Why, why hadn't she been able to make herself say the same word Mama had used? Why couldn't she love Chilton the way she had loved Jack—loved him still?
"Only you know that, lamb," her mother said gently, all the criticism she'd offer. "And only you know what matters most to your own heart. And now, I think, it's high time we tended to those onions before our guests give us up for lost."
Brusquely Mrs. Rowe brushed her hands down her apron and rose to her feet, pulling Miriam up with her. She gave Miriam's shoulders a quick hug, then bent to sweep the last of the shells into the box.

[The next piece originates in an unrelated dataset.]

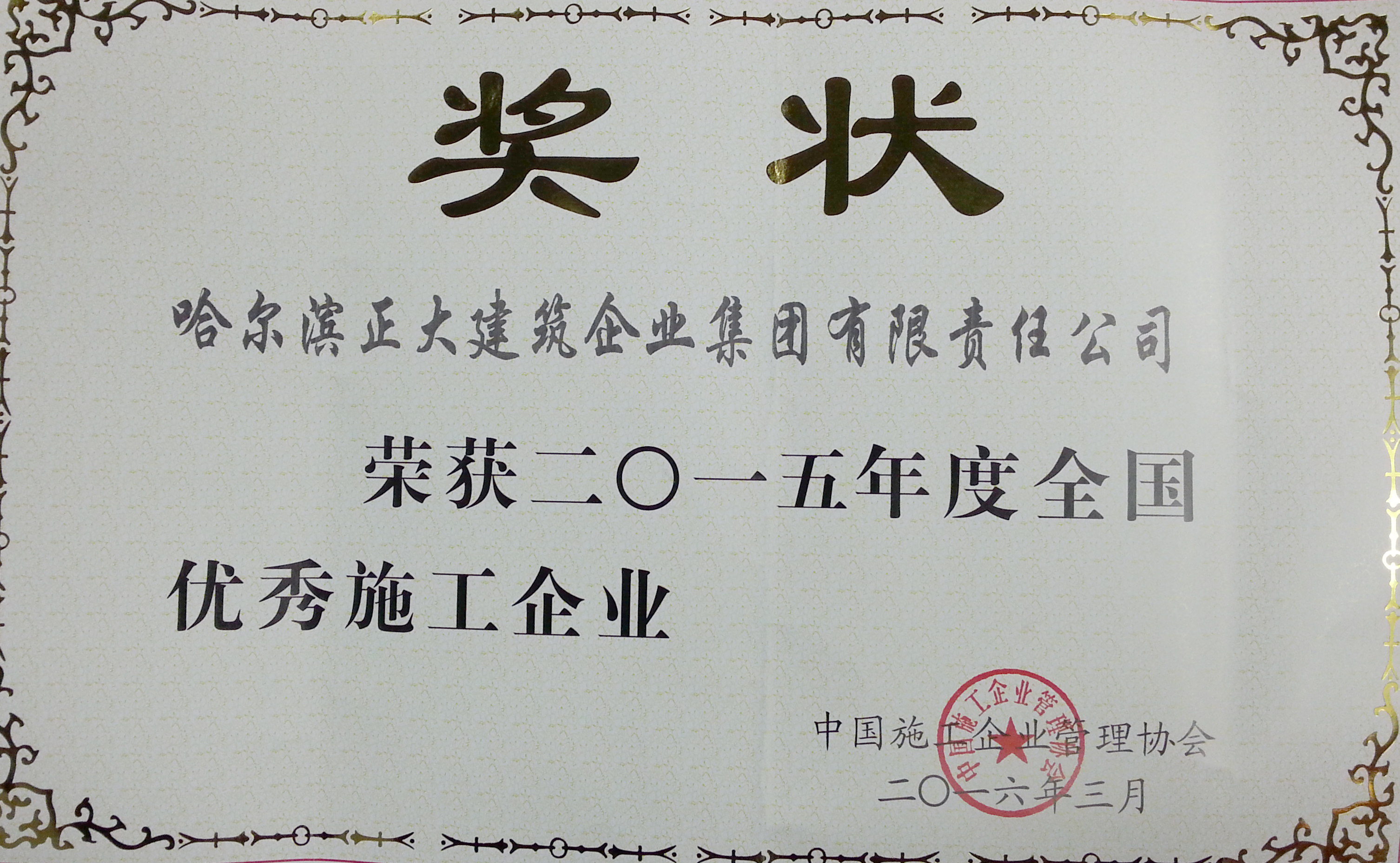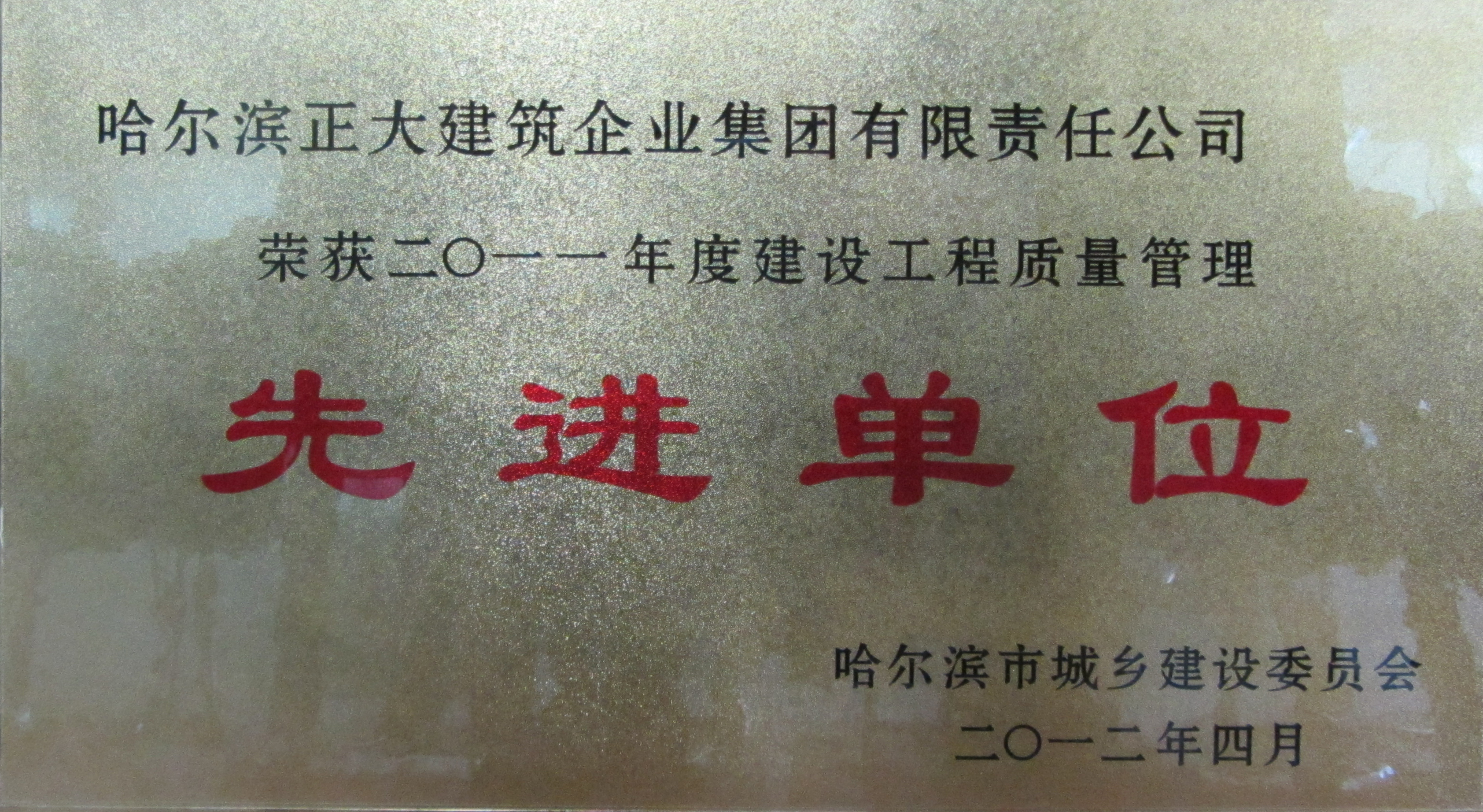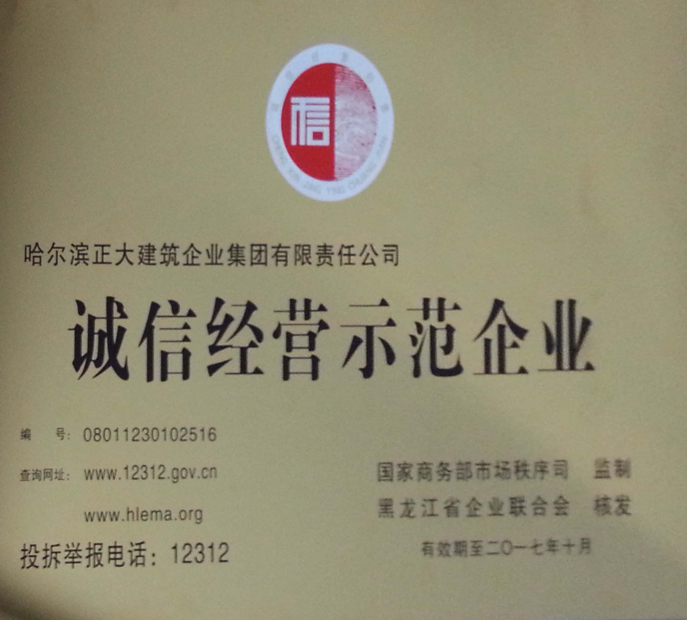 公司成立至今,先后被評為全國優(yōu)秀施工企業(yè)、全國用戶滿意施工企業(yè),全國首批建筑業(yè)誠信施工企業(yè),全國“安康杯”競賽優(yōu)勝企業(yè),全國工程建設(shè)質(zhì)量管理優(yōu)秀企業(yè)、中國建設(shè)系統(tǒng)企業(yè)信用信譽(yù)AAA級單位,并多次榮獲省、市“先進(jìn)單位”、“優(yōu)秀單位”、“重合同守信用單位”、“黑龍江省優(yōu)秀施工企業(yè)”、“黑龍江省用戶滿意施工企業(yè)”等光榮稱號。并連續(xù)獲得哈爾濱市質(zhì)量管理先進(jìn)單位、黑龍江省質(zhì)量管理先進(jìn)企業(yè)、黑龍江省質(zhì)量管理獎、黑龍江省“安康杯”優(yōu)勝企業(yè)等榮譽(yù)。并在建筑施工現(xiàn)場環(huán)保管理上創(chuàng)造了一項“中國企業(yè)新記錄”。

But Miriam could only watch in miserable silence, striving to turn her thoughts, too, away from Jack and Chilton and her own confused heart, and toward peeling the onions for dinner. Mama was always so good at that, able to decide what needed to be done, then doing it, and moving along to peeling onions or apples or whatev-er else was waiting in the kitchen. Mama wouldn't weep over things that couldn't be changed. She ordered her life with the same tidy efficiency that she ruled the Green lion—an efficiency that Miriam, even on her best days, felt hopelessly incapable of copying.
But she would keep trying, just as she'd promised Chilton to keep trying to control her tempers and passions. She would.
And try to forget the one man she loved, who'd already forgotten her.